Even more sophisticated with these computers is that they expand and contract as the need for computing increases and decreases. To bring this back to the air traffic control metaphor, if you've ever taxied in the air on a plane, typically, there wasn’t a runway available for landing. Modern applications can add a runway and take away runways depending on the number of planes requesting to land – wouldn’t that be nice – no taxing in the air again! Fewer users on a Tuesday means less computers and less money spent! This process of new computers getting spun up to handle more users accessing our website is known as autoscaling.
The same thing that we see in the gif above will be happening with our button app; we won't be able to tell what computer from Amazon is serving the request. But that is the point: we want to request a site, and it will always comes back with a response.
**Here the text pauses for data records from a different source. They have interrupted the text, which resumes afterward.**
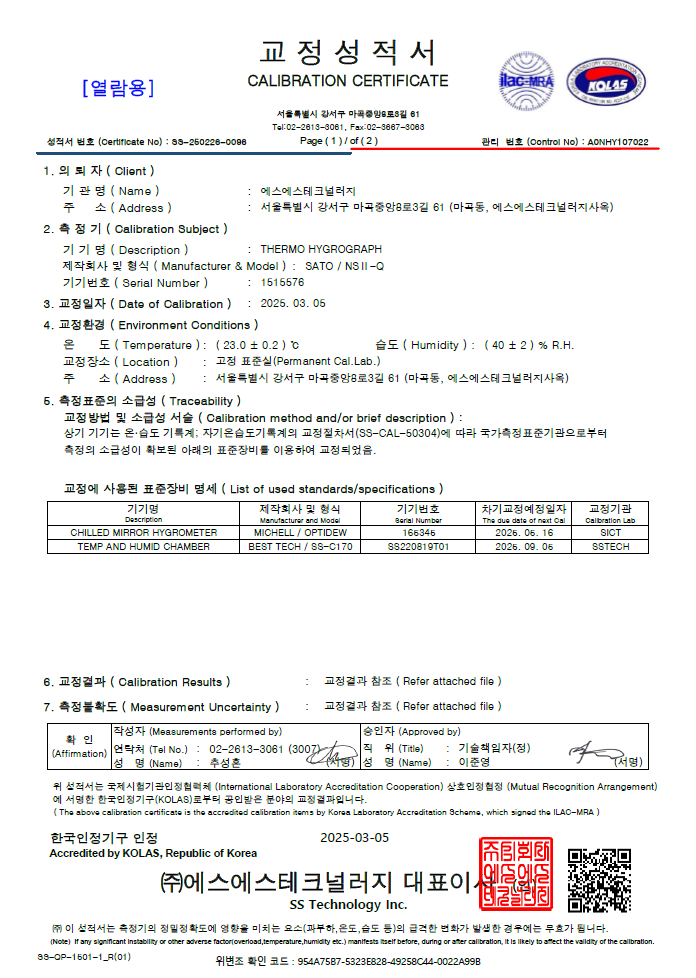 Hygrothermograph(측정범위: -15 ~ 50 °C/ 0 ~ 100% RH)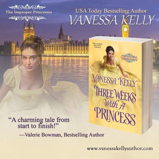 THREE WEEKS WITH A PRINCESS releases into the wild world tomorrow–huzzah! To celebrate, I’ll be holding a facebook party tomorrow evening from 7 – 9 pm, EST. There will be chats with guest authors like Christi Caldwell and Shana Galen, and lots of giveaways–like this one!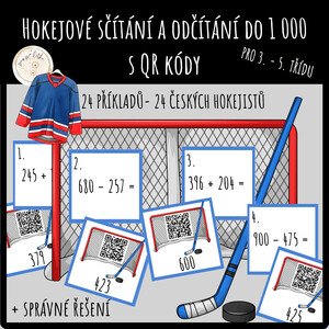 Hokejové sčítání a odčítání do 1 000 s QR kódy Tento výukový materiál s QR kódy je zaměřen na procvičování sčítání a

Build Once, Deploy Anywhere!
What we didn’t describe above is that each of the computers that get magically spun up for us has the same underlying code running on it. This ensures the same application is running everywhere. The same code is downloaded onto each computer running in Amazon’s cloud. It looks something like below.
In our button example, all we did was upload a zip file to amazon with our code that tells the computer what software to install - our code - to ensure it runs properly. There are many ways to do this, but the important thing is that each computer is given the same instructions on properly setting up the application.
Finally, we should quickly touch on DBs even if our application doesn’t use a database.
The Database (DB)
Since we showed an app that is so simple, we didn’t need a DB, but every application will have a one that an application relies on for data. When you log into a website with a username and password, data gets sent from the computer hosted somewhere else - in our case, AWS - to a database to verify if you should be allowed to enter the site. You can see this interaction in the image above, where the EC2 Instance, which is just a computer, sends information to a database to get data back. And typically, data that is rendered on a webpage is served via a database of some kind.
So, the final, simple application might look something like the following:
Summary
At the heart of each of these different steps is helping the software scale whether through efficiency gains (IDE), collaboration (Git), or infrastructure (AWS). And the great thing that I hope you noticed is that most of the services provided above are provided by AWS or a cloud provider. They manage the different infrastructure pieces to help the software scale.
There is plenty that we did not touch on here: Kubernetes, Docker, routing, message queuing, security, availability, caches, Jira, and other pieces that are standard within modern software development. But I do think there is enough here for one to start getting a better grasp on how software is developed, deployed, and delivered, even if this is a significantly less complex than your standard application. At a minimum, one can see how much more goes into building software than just code!
Finally, registering the site and running the computers on AWS cost me about $16, so you can quickly see why the cloud providers are so valuable.